SjoerdMeijer added inline comments.Apr 26 2021, 1:47 AM

llvm/lib/Transforms/Scalar/SCCP.cpp
822	Currently, it will only specialises this into: foo_1(2, 3, 4); because there is a limitation that it specialises 1 argument, see my next comment below....
872	.... here! It stops after specialising one argument. This is very arbitrary and probably what we want to fix in the first version. This requires a bit of a reshuffle, which is what I am addressing now.

Harbormaster completed remote builds in B100874: Diff 340446.Apr 26 2021, 2:22 AM

ChuanqiXu added inline comments.Apr 26 2021, 2:27 AM

llvm/lib/Transforms/Scalar/SCCP.cpp
86	I would like to rewording it into 'Force function specialization for every call site with constant argument'
88–91	It looks like we need to re-evaluate the performance, compile-time and code-size for different parameters now.
872	I am OK to fix this in successive patches.
1376–1378	Could we write: unsigned MaxIters = FuncSpecializationMaxIters; // Since the default value for FuncSpecializationMaxIters is 1

Addressed minor comments.

SjoerdMeijer added inline comments.Apr 26 2021, 5:55 AM

llvm/lib/Transforms/Scalar/SCCP.cpp
88–91	Agreed. This patch might be a candidate for a first version, and with a few things changed, it is time to measure things again to see where are, so am going to do that right now.
872	That will work for me.

Does this also handle bool propagation case like

myfn(dst, src, flags, isEnabled);

if (isEnabled)
myfn_true(dst, src, flags);
else
myfn_false(dst, src, flags);

Harbormaster completed remote builds in B100912: Diff 340496.Apr 26 2021, 6:33 AM

In D93838#2716512, @xbolva00 wrote:

Does this also handle bool propagation case like

myfn(dst, src, flags, isEnabled);

to

if (isEnabled)
myfn_true(dst, src, flags);
else
myfn_false(dst, src, flags);

?

Nope, not yet I am afraid. But agreed that this would be nice!
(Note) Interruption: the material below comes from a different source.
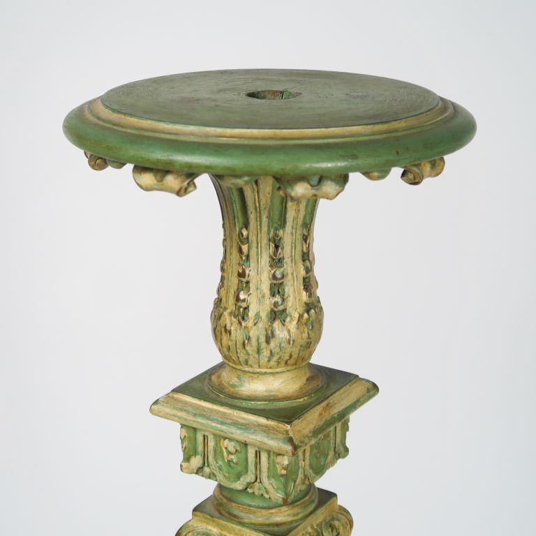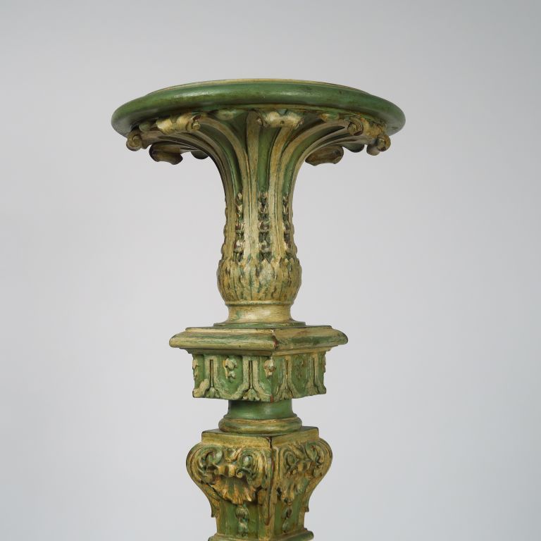 Sellette de style Louis XIV en bois sculpté et mouluré à décor de fleurons, de coquilles et de cannelures rudentées, laqué vert et blanc. H. : 127 cm.

ChuanqiXu added inline comments.Apr 28 2021, 1:13 AM

llvm/lib/Passes/PassBuilder.cpp
1137	It looks like it would run as a module simplify pass in NewPM?

SjoerdMeijer added inline comments.Apr 28 2021, 1:46 AM

llvm/lib/Passes/PassBuilder.cpp
1137	I will look into this. I am actually trying to reproduce numbers at the moment, but found that this patch doesn't trigger on SPEC anymore. Curious if I had regressed things with my changes, I took the second revision of this patch for which performance numbers were reported, but I don't think see an uplift with that either, so can't reproduce numbers yet. I am comparing an LTO run without the patch applied as the baseline, to an LTO ran with the patch applied. Now rereading previous reviews comments, it looks like you had the same problem reproducing numbers. But anyway, I will sort that out first.
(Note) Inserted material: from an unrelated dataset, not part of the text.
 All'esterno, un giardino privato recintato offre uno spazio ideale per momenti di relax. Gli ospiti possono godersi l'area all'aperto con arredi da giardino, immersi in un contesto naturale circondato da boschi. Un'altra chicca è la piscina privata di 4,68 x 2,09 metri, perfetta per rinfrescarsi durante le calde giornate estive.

ChuanqiXu added inline comments.Apr 28 2021, 1:51 AM

llvm/lib/Passes/PassBuilder.cpp
1137	Yeah, previously I find that this patch can't work on SPEC since I made a mistake when I run LTO. Previously, I set: LDOPTIMIZE = -flto=full -fuse-ld=lld -mllvm -function-specialize-level=aggressive But it wouldn't work. In fact, we need to set: LDOPTIMIZE = -flto=full -fuse-ld=lld -Wl,-mllvm -Wl,-function-specialize-level=aggressive Hope this could help you.
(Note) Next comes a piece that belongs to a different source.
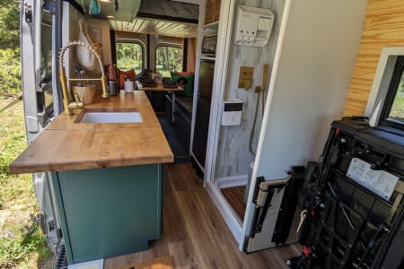 Seatbelts for 4, sleeping for 4! Electronic bed lift, air conditioning, heater, 2 rooftop fans. Indoor shower and 2 outdoor showers. Upgraded 40 gallon fresh water tank and 17 gallon grey water tank. Full wet bath with cassette toilet! Dimmable interior lights, induction cooktop, pull out exterior table!

I just runned the newest revision with the SPEC2017 nitrate (without 548.exchange2_r). The number of default iteration limits is one. Below is the results. The overall results look good to me.

Performance:
I observed that 505.mcf_r get 10% increment, which is consistent with previous experiment.
Then I didn't find increment for 520.omnetpp_r nor regression. We need to explore it further.
Then there is no other observable changes for other benchmarks

Compile-time:

benchmark	compile-time change with limiting 1 iteration	Note
500.perlbench_r	2%
502.gcc_r	6%
505.mcf_r	19%	The total compile time for 505.mcf_r is relatively fast
520.omnetpp_r	3%
523.xalancbmk_r	3%

No observable changes for other benchmarks.

Code Sizes:

benchmark	Code Size change with limiting 1 iteration
505.mcf_r	14%
523.xalancbmk_r	2%

505.mcf_r

Interesting, did you analyze it more? What is the reason of such improvement? Additional vectorization?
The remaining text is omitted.